How to Be a Sustainable Wellness Consumer?

It’s not about what you buy; it’s about how you live.

Rethinking Wellness.

Clean ingredients, sustainability, and ethical sourcing are trending. Brands tell us to seek wellness products with sustainable packaging, responsibly sourced ingredients, and carbon-neutral supply chains. But what if the most sustainable choice isn’t about what we buy—but how we live?

The idea that wellness can be consumed is misleading. Wellness isn’t something you purchase. It means stepping away from the hamster wheel of self-optimisation that the wellness industry profits from. It means recognising that we don’t need another superfood, another tracking app, or another supplement subscription to be well. What we need is to reset and reconnect.

The Illusion of Wellness Consumerism

The wellness industry thrives on the belief that we are incomplete, always in need of an upgrade. There’s no shortage of apps, gadgets, and products promising to make us the best version of ourselves. But at what cost? These tools often capitalise on guilt, making us feel like we’re never doing enough—not meditating enough, not drinking enough green juice, not biohacking our way to optimal performance. This is where we need a paradigm shift. Instead of trying to make our consumer choices more sustainable, we should question whether we need to consume in the first place. The most effective wellness practices can be free:

  • Going for a walk outside

  • Sleeping well

  • Spending time with family and friends

  • Surrounding yourself with clean water

  • Getting morning sunlight

These habits don’t require a purchase. They require presence. They require a rediscovered understanding that we and the natural world are one and the same.

In my last post, I explored the concept of “nature connectedness.” What if our disconnect from nature is just a symptom of a larger issue? I believe that our lack of connection to nature is, at its core, a reflection of our disconnection from ourselves. As biological beings, there is no separation between “humans” and “nature.”

Shifting the Paradigm

Rather than focusing on making consumer choices more sustainable, we need to rethink the narrative altogether.
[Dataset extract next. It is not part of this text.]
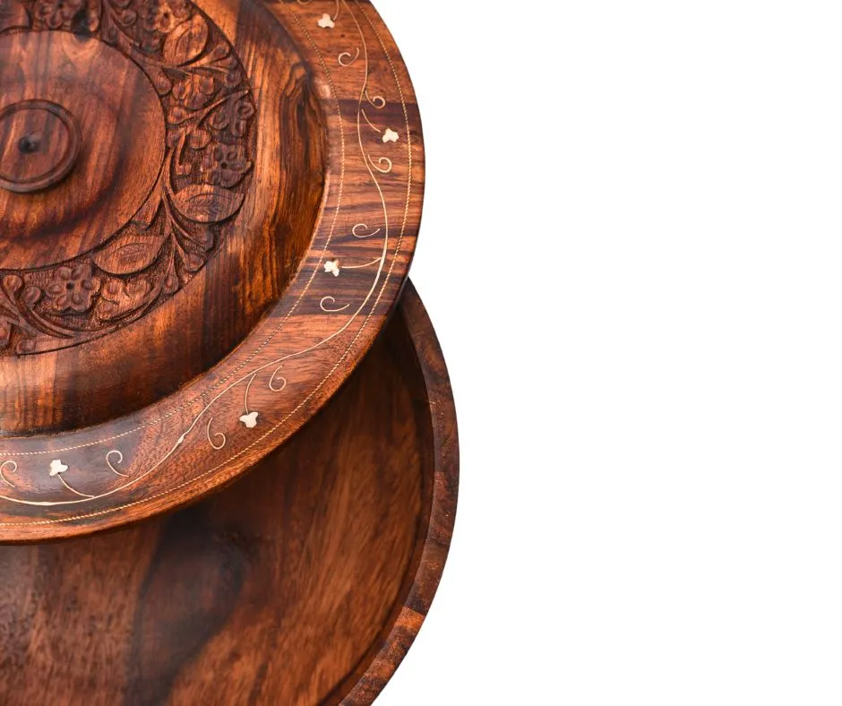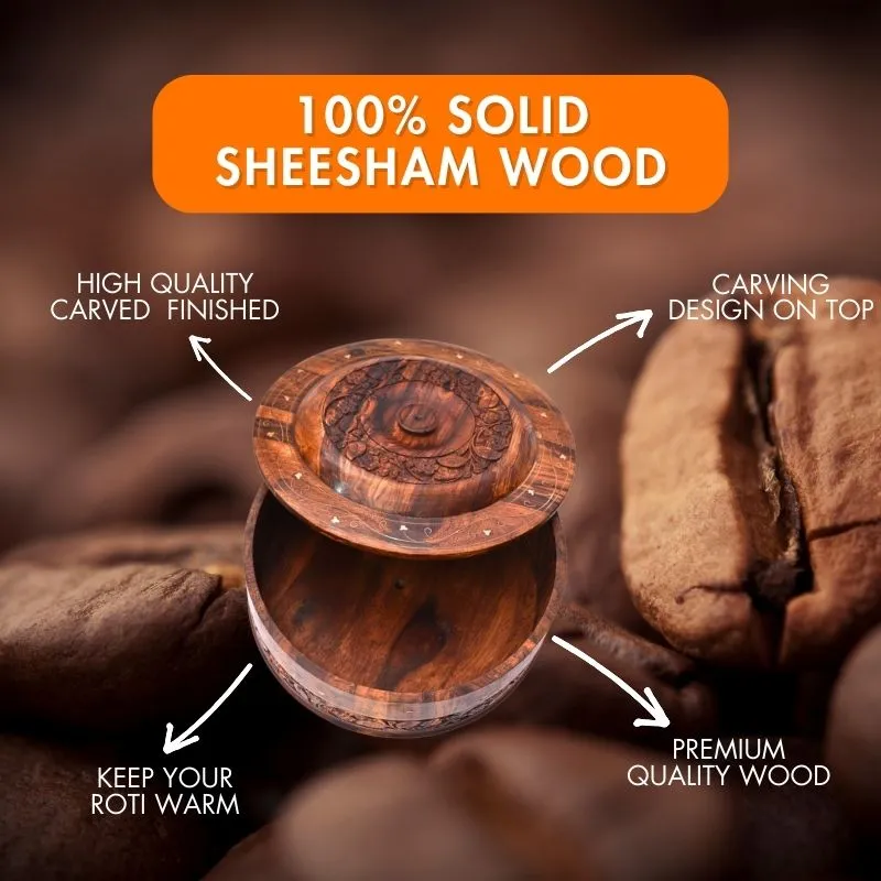 - A wooden hotpot made in Sheesham wood with brass engravings on the sides and lid top.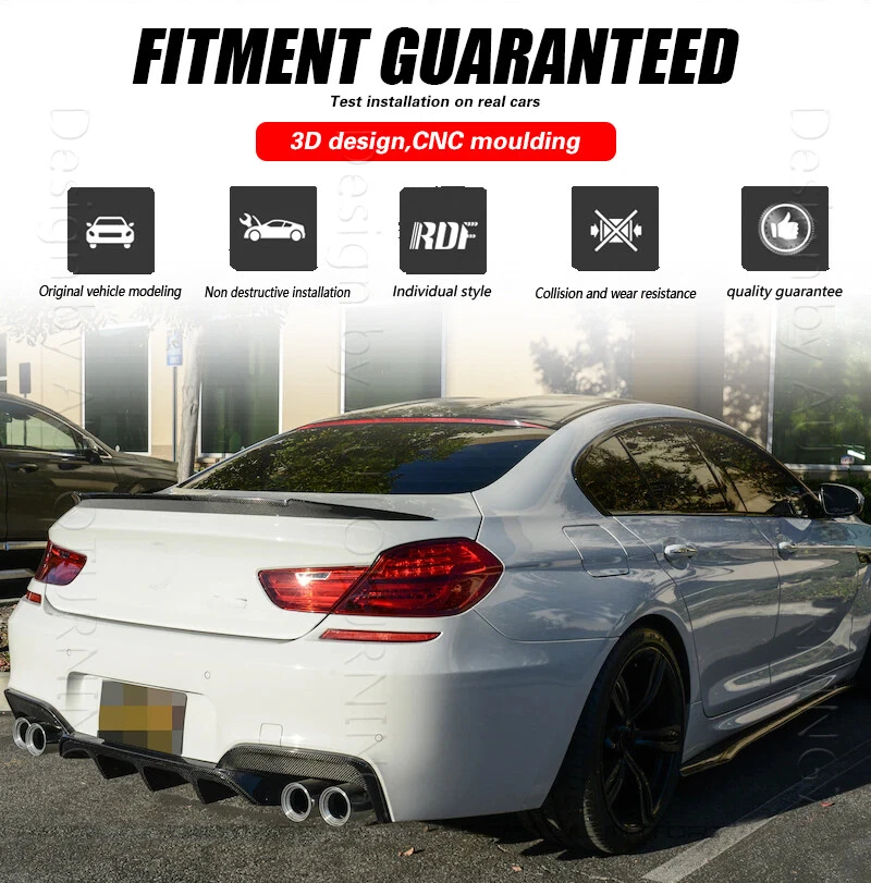 Fitment: Fit for BMW 6 Series F06 F13 640I 650I M6 Gran Coupe 4-Door 2013 2014 2015 2016 2017 2018 2019, not for F12 Convertible Models Specifications: Product Name: Rear Spoiler Material: Carbon Fiber Size:Length:130cm Package Size: 138*39*11cm Package Weight: 2.1kg Features: Made of High Quality Lightweight Carbon Fiber. Latest Design GT Wing Spoiler Completed Kit, Improve Handling And Make Tail More Stable in High Speed. Water Transfer Carbon Fiber for Highest Durability and Appearances. Adjustable Angles for Customizable Usages and Efficiencies, Enhances Aerodynamic. Reduces Drag, Increases Fuel Efficiency, Reinforces Downforce, Traction and Stability. Double-sided adhesive paste, Easy to Install. Package included: 1 x Spoiler with self-adhesive glue tape Carbon Fiber Spoiler The Rear Trunk Spoiler is one of the simplest mods you can do to the exterior of your car that will give your car that completely different look. Not only are spoilers meant for great looks, they also help with the aero dynamics of the car by lowering drag, or helping to put more downforce on the car making sure that the wheels stay grounded for maximum traction. Fitment: Fit for BMW 6 Series F06 F13 640I 650I M6 Gran Coupe 4-Door 2013 2014 2015 2016 2017 2018 2019, not for F12 Convertible Models Specifications: Product Name: Rear Spoiler Material: Carbon Fiber Size:Length:130cm Package Size: 138*39*11cm Package Weight: 2.1kg Features: Made of High Quality Lightweight Carbon Fiber. Latest Design GT Wing Spoiler Completed Kit, Improve Handling And Make Tail More Stable in High Speed. Water Transfer Carbon Fiber for Highest Durability and Appearances. Adjustable Angles for Customizable Usages and Efficiencies, Enhances Aerodynamic. Reduces Drag, Increases Fuel Efficiency, Reinforces Downforce, Traction and Stability. Double-sided adhesive paste, Easy to Install. Package included: 1 x Spoiler with self-adhesive glue tape Delivery details Payment and TAX Warranty Policy Return Policy Contact us Delivery details NOTE: The shipping fee is only for the mainland of each country, it does not include the overseas territories, such as Virgin Islands (U.S.) , Puerto Rico, Hawaii , French Reunion Island, etc. But on ebay, when buyers from Puerto Rico and overseas territories , the shipping fee is equal to United States, it is NOT correct,. please contact us for correct shipping fee, or we will cancel the order. Sorry for the inconvenience, and thanks for your cooperation. 1. If you want to upgrade the shipping, please contact us before making payment, we will revise the shipping fee. 2. We will ship according to your Ebay address. Please make sure it is correct and include phone number for delivery. If you want to know the exact shipping time , please contact us . Payment and TAX 1.We accept Multiple Payment Methods Available: Credit Card, Debit Card, Gift Card, Apple Pay, Goggle Pay, PayPal and PayPal Cred. 2.Please leave note for your special request (e.g. Colors or Size) in ebay note when you pay the order. 3.Your must complete the payment within 7 days or Ebay will automatically open unpaid item case For US Buyer:The invoice value of each item is less than 800USD ,so you no need to pay any tariff . NON-US Buyer Note: Most countries are tax free based on our invoices, if tax is required, which will be buyer's responsibility. Warranty Policy We Warranty Our Product Within the Limited Warranty Policy Specified on Ebay. Please Email us if ou have any question regarding the warranty policy on a specific item. Most of the items are Aftermarket Parts and they are intended for off-road usage only, therefore no installation instruction will be included, Professional installation are Highly Recommended. We are not responsible for any damages to the item or the vehicle that occur during the installation of the item.Also, Please Make Sure Proper Installation is Performed as we are not responsible for item being missing or flew off after the installation. if you don't think the item can stay on the car properly, please do not attempt to drive the car with it and please check with professional shops/mechanics or contact us for assistance. Return Policy We Accept Returns Within the Return Period On Ebay. Return Authorization/Return Approval is Required For Every Return. So If you Wish to Make a Return On Your Purchase. Please Contact us Before You Send The item back For any damages occured to the item upon arrival, Please notify us within 5 days of the delivery so we can take proper action to fix the issue. So Please Kindly inspect and check the item condition upon arrival.For Any other Return Inquries, You can contact us within the return period to obtain return authorization/return approval. In case of return, the merchandise needs to be returned in original condition with origi- nal packaging in order to be eligible for an exchange or a refund. Items must be not opened in their original package. Any mark of installation, mounting, cutting, scratch or using will not be allowed. Contact us 1.We are trying our best to explain all details of the products here! If you have any question, please feel free to contact us by Ebay message, and We will get back to you within 24-48 hours. 2.Customer satisfaction is our NO.1 priority. If you are not happy with the item that you purchase, please contact us first. We will try our best to solve the problem with you.Please leave us a positive feedback if you receive the item.Please do not leave negative or neutral feedback without any contact.If you haven't received item in 30 days, please contact us and we will arrange refund.We appreciate your business.Happy Bidding & Have a nice day! 3.Working hours: From 8 a.m. to 6 p.m. from Monday to Friday. From 8 a.m. to 12 a.m. on Saturday morning Holiday/Rest time: Saturday afternoon and Sunday

This idea is echoed in the philosophy of New Materialism, which challenges the traditional separation between humans and nature. It reminds us that we are deeply intertwined with the environment. When we pollute our waters, we ultimately pollute our own bodies. When we degrade the environment, we degrade our own health. The planetary crisis is, at its core, a mindset crisis—one that cannot be solved through ethical consumerism alone.

Rethinking Everyday Choices

If we truly want to be sustainable wellness consumers, we need to start by consuming less. Consider takeaway coffee culture. If you don’t have time to sit and enjoy your coffee, do you really need it? Recently, I attended a webinar on reducing plastic in the hospitality industry. One speaker shared an example from high-end wellness resorts, where guests come to “slow down” yet still insist on takeaway coffee—even with nowhere to go. They reject ceramic cups, even when assured they can leave them anywhere to be collected. This mindset needs to change. It’s time for a simple shift in perspective.

Wellness is Simplicity

Wellness isn’t in the products we buy; it’s in the way we live. It’s in the water we protect, the air we breathe, the food we eat, and the connections we nurture. Being a truly healthy consumer means recognising when the industry is selling us solutions to problems that arise because we are disconnected from what is good for us in the first place. Instead of chasing the latest wellness trend, let’s refocus on simplicity.

Cellular hydration. A Water Mindset. Movement, joy, sunlight, rest—these are the foundations. This is what I call wellness through water.